Network partition is to point to in a distributed system, different nodes distribution in different subnet or long-distance network (room), due to some special reasons lead to these sub network in the condition of the network is not connected, but each network’s internal network is normal, resulting in the network environment of the whole system been split into several isolated areas.
It is important to note that each node that makes up a distributed system joins and exits as a special network partition.

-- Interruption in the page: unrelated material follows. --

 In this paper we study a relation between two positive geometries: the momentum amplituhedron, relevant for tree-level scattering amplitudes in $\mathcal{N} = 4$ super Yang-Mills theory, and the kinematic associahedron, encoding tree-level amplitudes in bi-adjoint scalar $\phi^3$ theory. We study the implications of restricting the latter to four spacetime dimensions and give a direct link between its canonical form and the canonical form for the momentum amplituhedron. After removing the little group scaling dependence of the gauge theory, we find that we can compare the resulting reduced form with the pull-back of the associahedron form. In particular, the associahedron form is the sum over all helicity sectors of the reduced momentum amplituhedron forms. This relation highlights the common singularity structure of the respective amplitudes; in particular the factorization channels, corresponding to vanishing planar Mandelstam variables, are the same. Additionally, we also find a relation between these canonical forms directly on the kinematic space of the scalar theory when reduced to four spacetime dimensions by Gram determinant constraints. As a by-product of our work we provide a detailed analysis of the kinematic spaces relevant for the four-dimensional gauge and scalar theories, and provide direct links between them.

Since a distributed system cannot simultaneously satisfy the three characteristics of consistency, availability, and fault tolerance of partitions, we need to discard one of them:
Here’s a chart to illustrate:
To be clear, fault tolerance of partitions is a fundamental requirement for a distributed system. Since it is a distributed system, the components of the distributed system must be deployed to different nodes, otherwise there would be no distributed system at all, hence the emergence of subnetworks.

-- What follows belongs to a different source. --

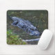 Upplev den tysta kraften i träsket med "Skugga i grunt vatten". Detta slående fotografi visar en amerikansk alligator som lurar i de mörka, grumliga vattnen i en Floridas cypresskärr. Bilden är tagen i ögonhöjd och framhäver de otroliga texturerna på alligatorns fjäll och dess förhistoriska tålamod.

For distributed system, network problem is an inevitable exception, so fault tolerance of partition has become a distributed system must face and solve the problem. As A result, systems architects often have to focus on finding A balance between C (consistency) and A (availability) based on business characteristics.
The BASE theory of
BASE is an acronym for Basically Available, Soft state, and Eventually consistent. BASE theory is the result of the tradeoff between consistency and availability in CAP. It comes from the summary of distributed practice of large-scale Internet system and is gradually evolved based on CAP theorem.
The core idea of BASE theory is that even if strong consistency cannot be achieved, each application can adopt appropriate ways to achieve the final consistency of the system according to its own business characteristics. Let’s look at the three elements of BASE:
1. Basic availability
Basic availability means that a distributed system allows for a partial loss of availability in the event of an unpredictable failure —- note that this is by no means equivalent to the system being unavailable. Such as:
(1) Loss of response time. Normally, an online search engine returns the search results to users within 0.5 seconds. However, the response time of the search results increases by 1 to 2 seconds due to the fault
(2) loss on the system functions: under normal circumstances, when an e-commerce site for shopping, consumers can almost complete each order, but in some big promoting shopping boom, due to a surge in consumer shopping behavior, in order to protect the stability of the shopping system, some consumers may be lead to a downgrade page
2. Soft state
Soft state refers to allowing intermediate state of data in the system and considering that the existence of such intermediate state does not affect the overall availability of the system, that is, allowing delay in the process of data synchronization between data copies of different nodes
3. Final consistency
Final consistency emphasizes that all copies of data, after a period of synchronization, eventually reach a consistent state. Therefore, the essence of final consistency is that the system needs to ensure the consistency of the final data, rather than ensuring the strong consistency of the system data in real time.
In general, BASE theory is oriented towards large, highly available and scalable distributed systems, which is the opposite of ACID, a traditional thing. It is completely different from ACID’s strong consistency model, but it sacrifices strong consistency to obtain availability, and allows data to be inconsistent in a period of time, but eventually reach a consistent state.
However, in actual distributed scenarios, different business units and components have different requirements for data consistency. Therefore, ACID characteristics and BASE theory are often combined in the design process of distributed system architecture.
The last
Welcome to pay attention to my public number [programmer chasing wind], the article will be updated in it, sorting out the data will be placed in it.